> [Your objective] Copy out exactly the stretch below, from the line with "[Блок питания] Exegate" through the line with "3 Row Safety", both included; the pictures stay out.

### Data for the task ###

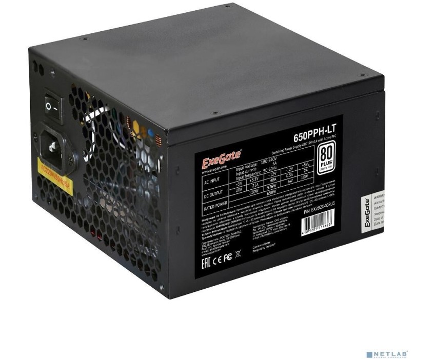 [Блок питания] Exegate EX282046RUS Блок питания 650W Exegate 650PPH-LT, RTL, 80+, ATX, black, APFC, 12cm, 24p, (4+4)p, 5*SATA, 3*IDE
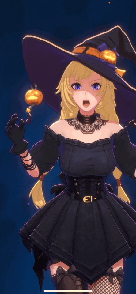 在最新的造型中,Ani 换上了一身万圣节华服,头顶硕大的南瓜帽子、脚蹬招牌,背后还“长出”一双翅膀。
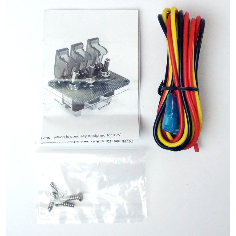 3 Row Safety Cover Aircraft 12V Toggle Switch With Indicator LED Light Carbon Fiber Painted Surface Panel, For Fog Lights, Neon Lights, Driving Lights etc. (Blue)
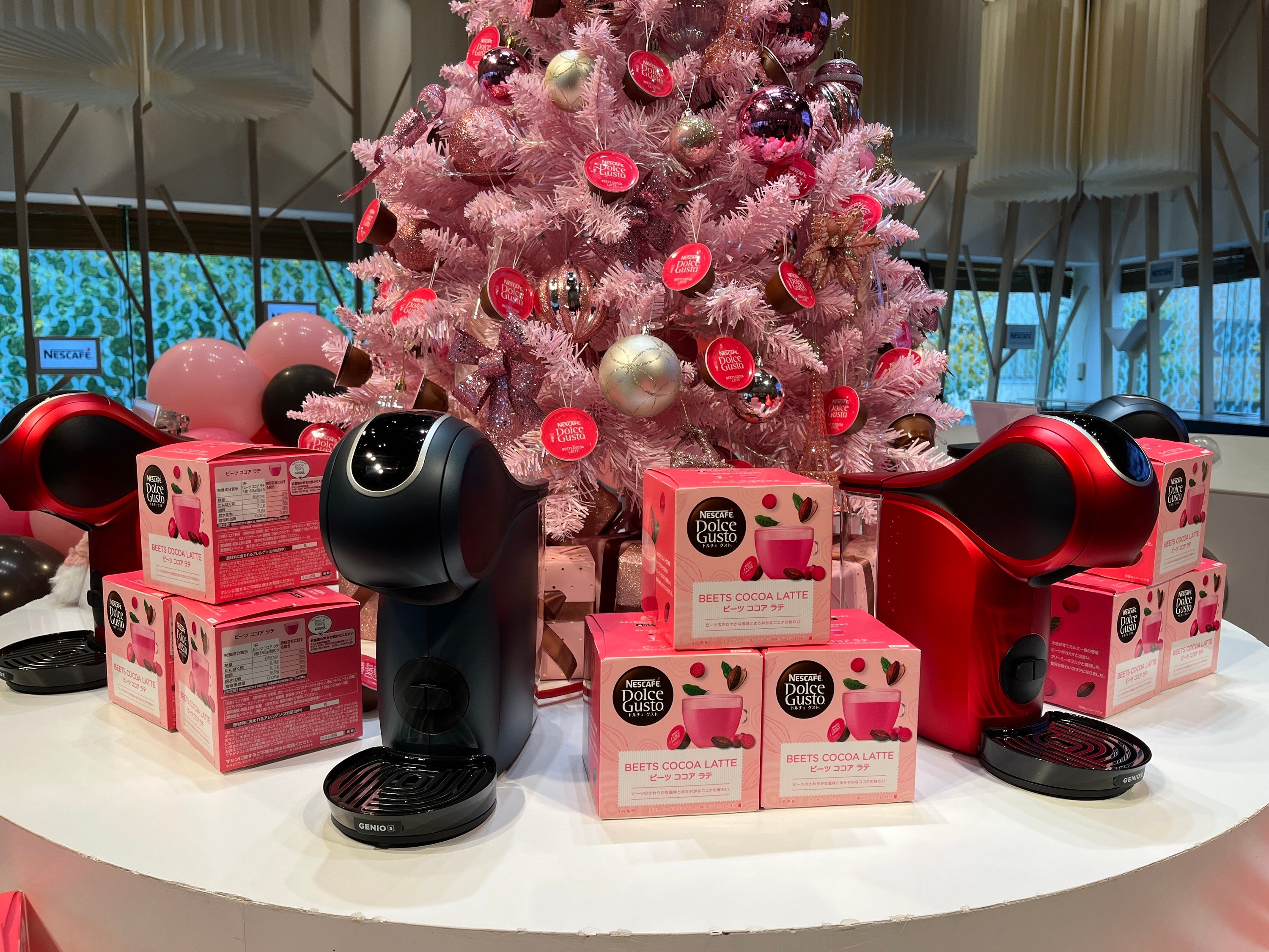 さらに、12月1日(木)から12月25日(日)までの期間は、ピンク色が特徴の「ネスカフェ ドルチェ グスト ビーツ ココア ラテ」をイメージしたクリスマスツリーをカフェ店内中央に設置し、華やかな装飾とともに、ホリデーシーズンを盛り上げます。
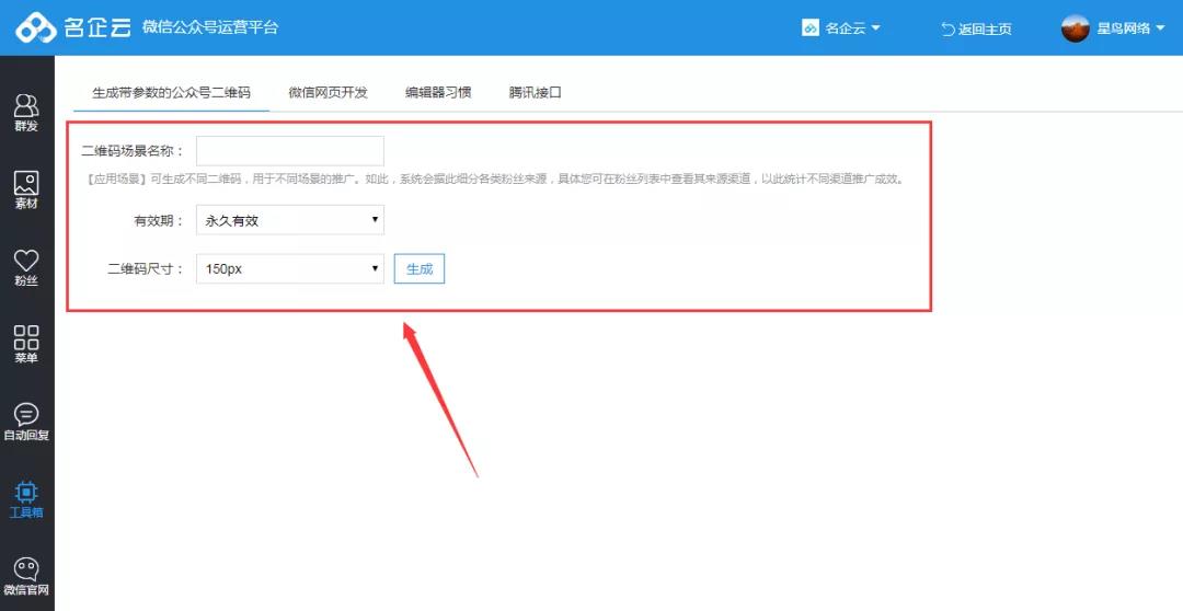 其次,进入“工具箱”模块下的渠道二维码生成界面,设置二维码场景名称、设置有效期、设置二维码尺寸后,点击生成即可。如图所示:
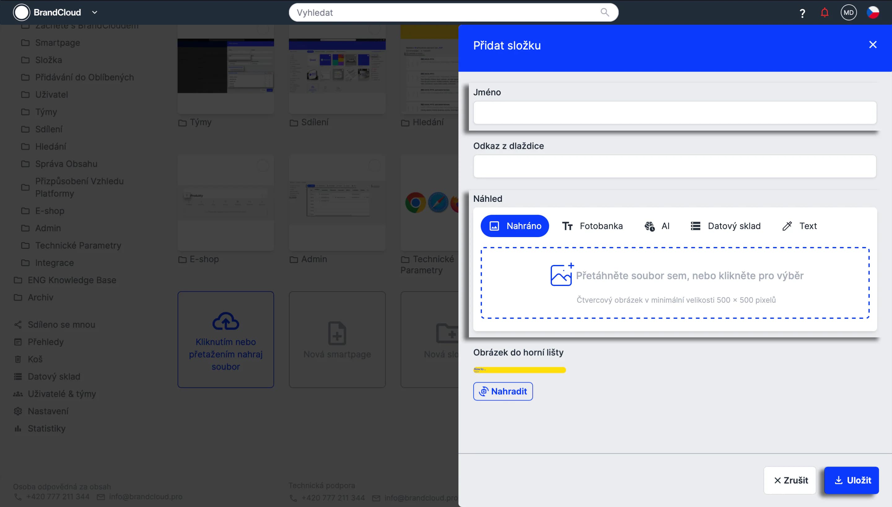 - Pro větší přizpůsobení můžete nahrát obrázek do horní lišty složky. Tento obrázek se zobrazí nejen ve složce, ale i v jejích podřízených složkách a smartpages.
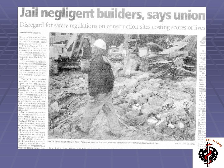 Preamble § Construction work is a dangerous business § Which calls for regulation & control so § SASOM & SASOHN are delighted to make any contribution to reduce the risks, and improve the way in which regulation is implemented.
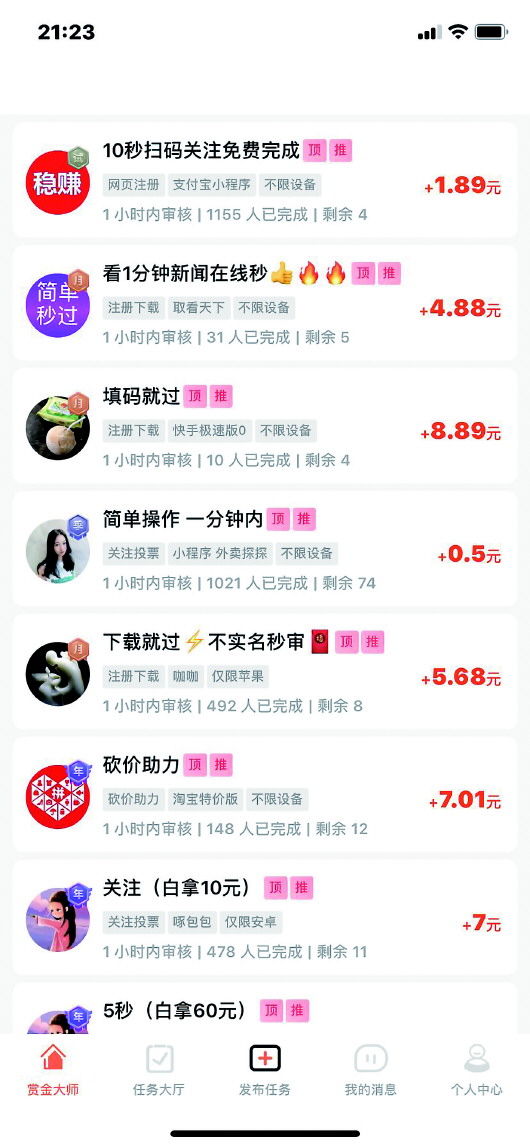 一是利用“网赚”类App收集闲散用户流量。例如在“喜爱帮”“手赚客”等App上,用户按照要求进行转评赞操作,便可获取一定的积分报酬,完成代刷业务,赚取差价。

###
### Data for the task ###

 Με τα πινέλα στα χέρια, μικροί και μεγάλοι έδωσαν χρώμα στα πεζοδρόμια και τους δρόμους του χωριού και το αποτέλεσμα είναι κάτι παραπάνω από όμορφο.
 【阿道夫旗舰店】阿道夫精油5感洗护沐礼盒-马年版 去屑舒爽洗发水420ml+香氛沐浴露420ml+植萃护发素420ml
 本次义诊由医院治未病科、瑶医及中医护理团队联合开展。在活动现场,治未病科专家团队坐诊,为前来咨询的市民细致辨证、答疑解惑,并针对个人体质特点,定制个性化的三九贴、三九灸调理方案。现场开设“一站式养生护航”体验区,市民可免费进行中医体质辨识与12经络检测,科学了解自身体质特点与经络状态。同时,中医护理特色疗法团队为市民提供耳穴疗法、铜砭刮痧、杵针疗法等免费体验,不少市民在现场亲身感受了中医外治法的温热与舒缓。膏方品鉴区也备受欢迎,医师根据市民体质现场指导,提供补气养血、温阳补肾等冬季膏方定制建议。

###

> [Solved problem]
 [Блок питания] Exegate EX282046RUS Блок питания 650W Exegate 650PPH-LT, RTL, 80+, ATX, black, APFC, 12cm, 24p, (4+4)p, 5*SATA, 3*IDE
 在最新的造型中,Ani 换上了一身万圣节华服,头顶硕大的南瓜帽子、脚蹬招牌,背后还“长出”一双翅膀。
 3 Row Safety Cover Aircraft 12V Toggle Switch With Indicator LED Light Carbon Fiber Painted Surface Panel, For Fog Lights, Neon Lights, Driving Lights etc. (Blue)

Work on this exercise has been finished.